Design by Jesse Turri

“The Old Testament was the first alphabetic written work to influence future ages. Attesting to its gravitas, multitudes still read it three thousand years later. The words on its pages anchor three powerful religions: Judaism, Christianity, and Islam. Each is an exemplar of patriarchy. Each monotheistic religion features an imageless Father deity whose authority shines through His revealed Word, sanctified in its written form. Conceiving of a deity who has no concrete image prepares the way for the kind of abstract thinking that inevitably leads to law codes, dualistic philosophy, and objective science, the signature triad of Western culture. I propose that the profound impact these ancient scriptures had upon the development of the West depended as much on their being written in an alphabet as on the moral lessons they contained.
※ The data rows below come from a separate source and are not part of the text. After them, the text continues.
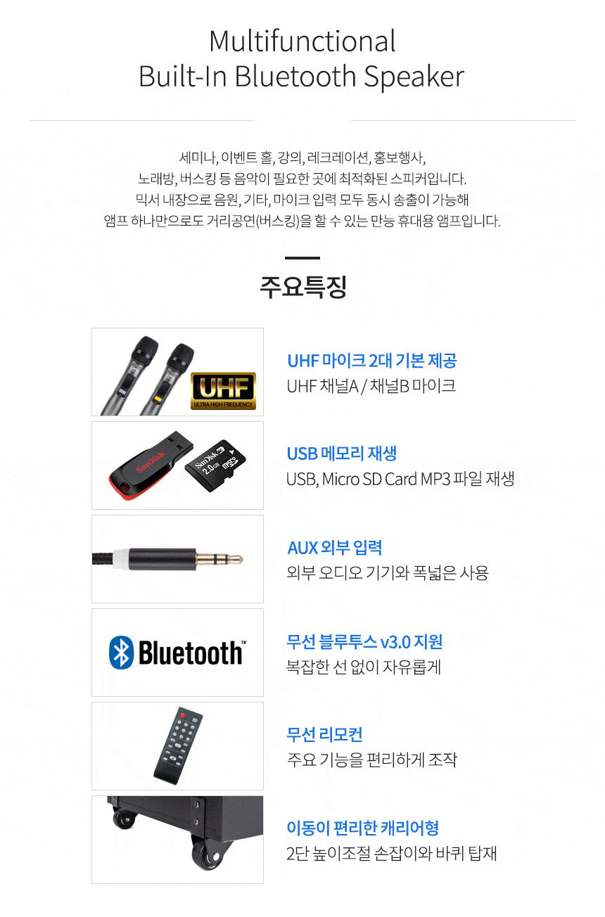 - HOME > 음향가전 > 기가폰/메가폰/이동식앰프 > 이동식앰프 > 이동식 블루투스 앰프 스피커 무선 마이크 버스킹 야외 공연 가이드 행사 강의 휴대용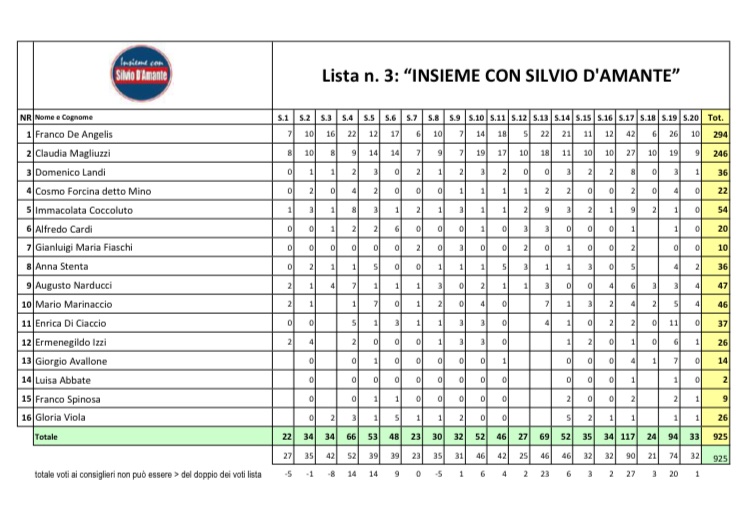 Elezioni Gaeta 2022: lista Insieme con Silvio D’Amante, i risultati di tutti i candidati
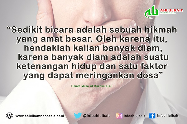 Imam Musa Al-Kazhim berkata: Sedikit bicara adalah sebuah hikmah yang amat besar. Oleh karena itu, hendaklah kalian banyak diam, karena banyak diam adalah suatu ketenangan hidup...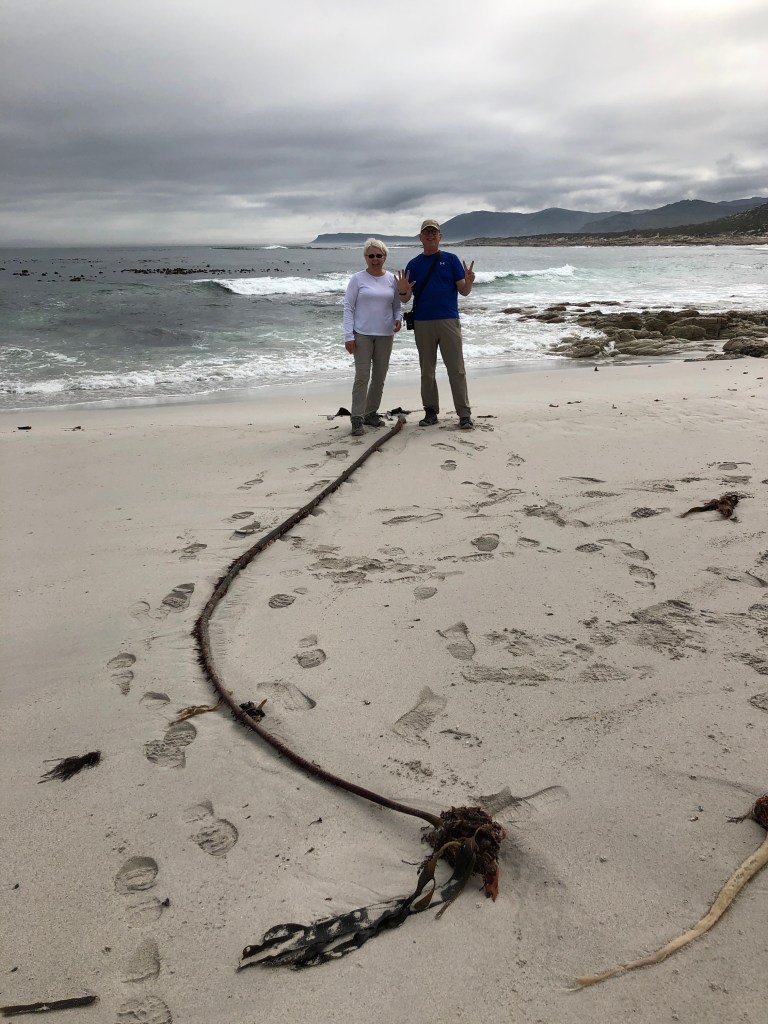 Continuing down towards Table Mountain National Park, we are lucky as Robbie drives us around to see a colony of baboons, ostriches and spring bucks. We take a short hike along the ocean area in a less visited section of the park. Spectacular sight to see! There is kelp along the beach; these plants are prevalent all along the shoreline.

Goddess worship, feminine values, and women’s power depend on the ubiquity of the image. God worship, masculine values, and men’s domination of women are bound to the written word. Word and image, like masculine and feminine, are complementary opposites. Whenever a culture elevates the written word at the expense of the image, patriarchy dominates. When the importance of the image supersedes the written word, feminine values and egalitarianism flourish.“

The excerpts above come from Leonard Shlain’s book The Alphabet Versus the Goddess: The Conflict Between Word and Image. Shlain uses the work of literary theorist Marshall McLuhan (one of my favs) to show how the invention of the phonetic alphabet, and the advent of literacy, is majorly linked to patriarchy. I came across this great book on Brain Pickings.